Помня родство имён, не откажись, не брось, чтобы к концу времён нам не воскреснуть врозь.

3 Это имя — льняное, больное, как стебли былья, в тонкостенном стекле остыванье живого литья, в черноте полыньи февраля ледяная ладья, это — несовместимая масть — или ты, или я.

Это имя люблю за его и твою красоту, это имя — солёное, словно осколки во рту.

4 Я чувствую, что больше не могу жить на бумаге — мне привычней в теле. А ты мне снишься в мартовском снегу, лежащий навзничь в настовой постели.

Глуша тахикардический галоп, уж столько раз во снах — напропалую — я целовала твой высокий лоб, что знаю вкус такого поцелуя.

На перекрёстке скрытых снегом троп — прошу! — проснись. Но сколько ни проси я, вся эта жизнь твоя — хрустальный гроб, бескровная война, анестезия.

А нас так мало между всех — иных, нас — изначально — двое, может статься, таких кровавых, нежных и больных, которым невозможно не срастаться.

5 Из боли выведи, избавь — дли понемногу… Но это — разная любовь: к тебе и Богу.

Не колесница — колея, — прочь от порога. Литое имя — Илия, как у пророка. Но бремя бренное легко — когда без фальши. Мне до тебя не далеко — до Бога дальше.

А мы близки — листва и ствол, но выйдет боком мне это разное родство с тобой и Богом. Ступая медленной стопой, ещё не зная, что этой кровности с тобой цена иная, —

на плаху шла, где туп топор, мостки дощаты. Просила силы, а теперь прошу пощады. И эта слёзная стезя — к тому порогу. А не любить тебя нельзя, и слава Богу

6 Так явственно нездешнее родство, что большего искать — не стоит браться. Кто даст ещё тебе такое братство и, не страшась, уступит старшинство.

Но это братство нежностью губя, тебе дарую кроткую строку я, — минуя бренность, избранность такую, что обессмертит смертного тебя.

7 Усилье слов оставило листу на диалог наложенное вето. Люблю тебя — как Бога — в пустоту, не получая явного ответа.

И до тебя в безмолвии жила, лишь на листе следила слов мельчанье. Но чувствую, как стала тяжела та тишина, которая — молчанье.

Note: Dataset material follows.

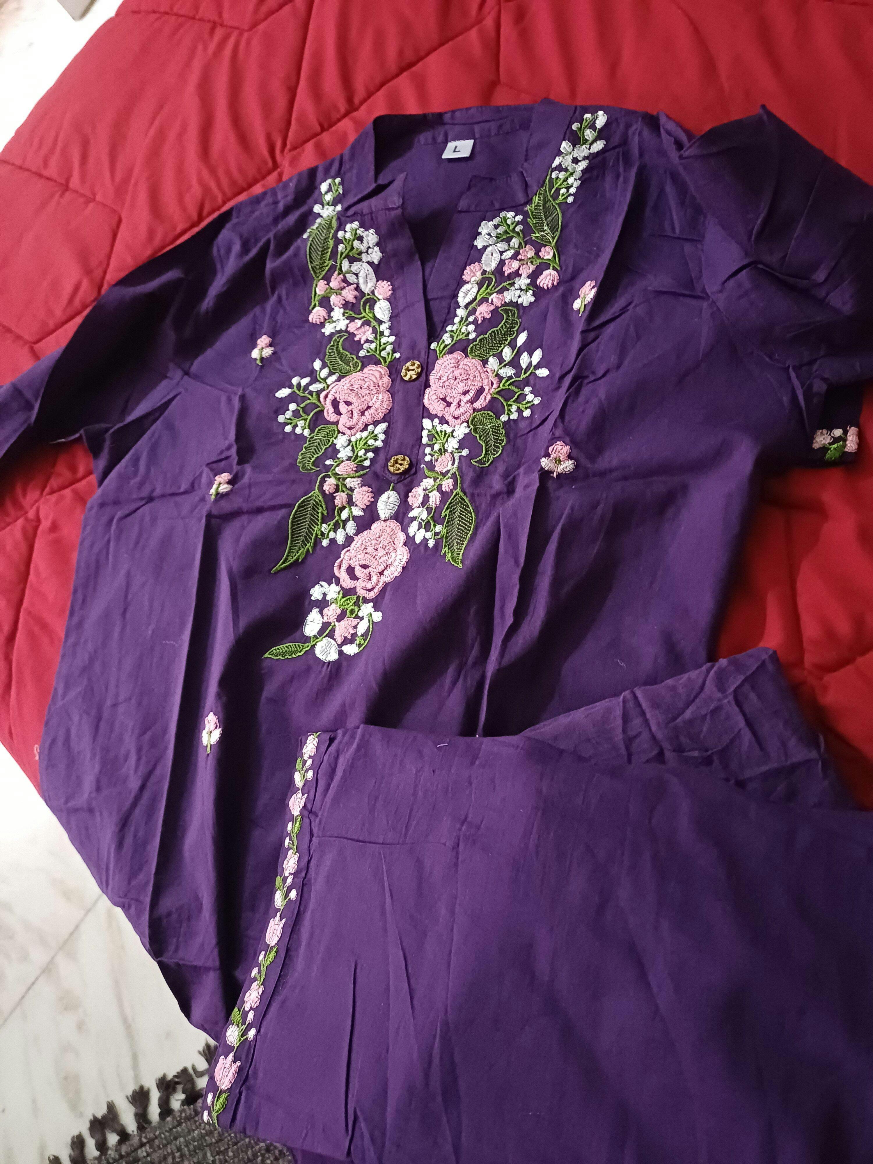 Make a regal statement with our stunning Deep Purple Embroidered Kurta with Pant & Dupatta Set. This elegant ensemble features a straight-cut kurta adorned with exquisite white and silver-toned embroidery around the neckline and bodice, extending to the cuffs, adding a touch of traditional grandeur. The kurta is paired with comfortable, matching straight pants, and a beautiful purple dupatta embellished with subtle golden accents. Ideal for festive occasions, ethnic events, or special gatherings, this set offers a blend of classic charm and contemporary style, ensuring you stand out with grace.

Рекомендуем:  Юлия Качалкина

Меня уже ничем не обмануть — я принимаю жизни дар кромешный. Не отвечай, но, умоляю, будь — как Бог, молчащий надо мною грешной.

8 Какая боль в непрошеной любви — терпение, преодоленье ада… С такой ни жить, ни умереть — увы… А, если б жить, так умирать не надо.

Какого мёда, вереска, вина ещё желать, какого первоцвета? Ещё какого ражева, рожна, родства какого, большего, чем это?..

Как тяжело преодолеть себя и просто жить — поденно, по привычке, пересыпая семечки и спички, не маясь, о небывшем не скорбя.

9 Падёшь и не поднимешься с лопаток, узнаешь, выживающий едва, как рвутся узы кровного родства. А хлеб гордыни — скуден и несладок. Тебе уже не будет всё равно, когда Медея увезёт руно и обречёт Колхиду на упадок.

10 И всё же быть, отверженность терпя, — немая, нетелесная наука — слепое узнавание тебя: глоток тебя, и дальше только мука.

Твой неприход в моё — уже — нигде, один глоток из темноты горчайшей… Ночное отражение в воде. Я пью себя. Но жажды нет над чашей.

11 Тупое упорство природы — вот всё, что смогли, — слепые стихии, враги, а могли бы — богами. Над сонной пустыней моей каменистой земли твоё соколиное солнце восходит кругами.

Пали эту землю — не жалко! — ей поздно рожать: солёные пыльные степи, бесплодная Геба. И мреющий воздух от клёкота будет дрожать, и дрогнет сухая равнина, держащая небо.

И горькие травы поднимутся, как оберег, над стылою лавой, над заново слепленной глиной. И ринется время набухшими руслами рек, и эхом прокатится клёкот вдали соколиный.

12 Скучная женщина молится по утрам, а вечерами смотрит, как на скаку лунная лошадь берёт барьеры оконных рам. Ляжет в постель — проснётся с утра в снегу.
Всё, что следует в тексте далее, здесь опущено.